INFORMATION SUPPLIED
'''
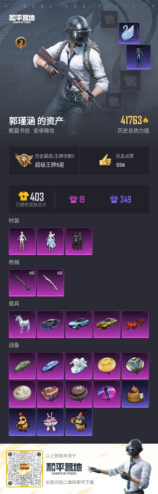 [17323390]安卓 微信-3粉装-2特效枪-5载具-1粉色飞行器-41763热力值-2王牌印记-99套装-103枪皮
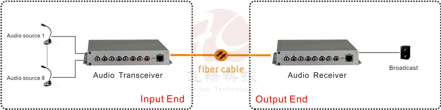 This digital Audio optical transceiver adopts digital Audio encoding and optical fiber transmission technology. 8 channel Audio, and serial data, on the single-core optical fiber. Rack installation or desktop installation can be optional.
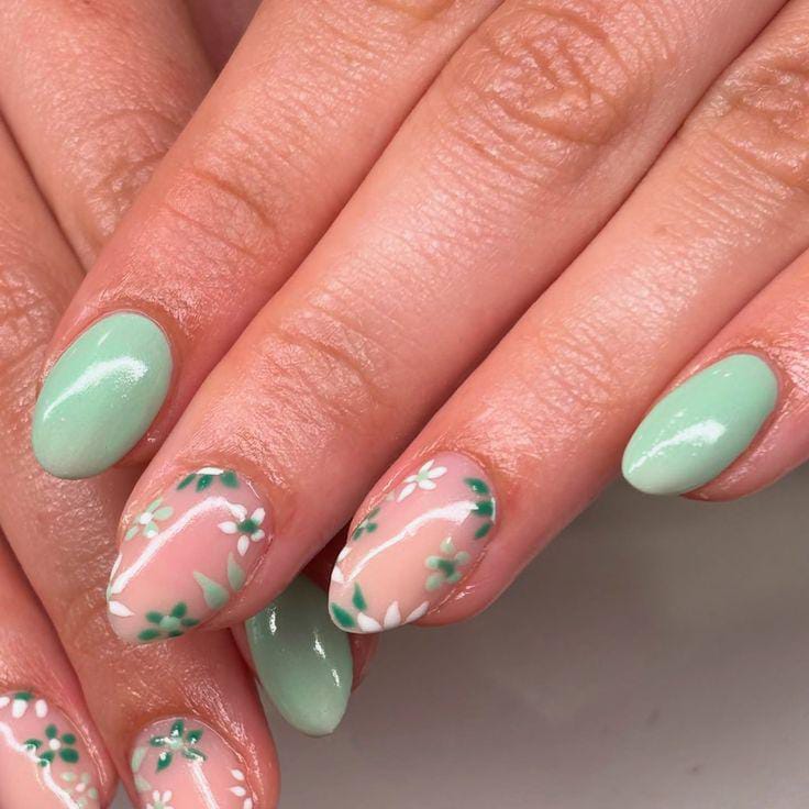 A refreshing mint green pairs beautifully with delicate white and green floral details on nude base. The overall vibe is clean, playful, minimal and perfect for a breezy summer aesthetic.
'''
WORK ORDER
For this exercise, output only the lines from the one bearing "This digital Audio" to the end of the material above, exactly as written, with pictures left out.

RESULT FOR THIS EXERCISE
 This digital Audio optical transceiver adopts digital Audio encoding and optical fiber transmission technology. 8 channel Audio, and serial data, on the single-core optical fiber. Rack installation or desktop installation can be optional.
 A refreshing mint green pairs beautifully with delicate white and green floral details on nude base. The overall vibe is clean, playful, minimal and perfect for a breezy summer aesthetic.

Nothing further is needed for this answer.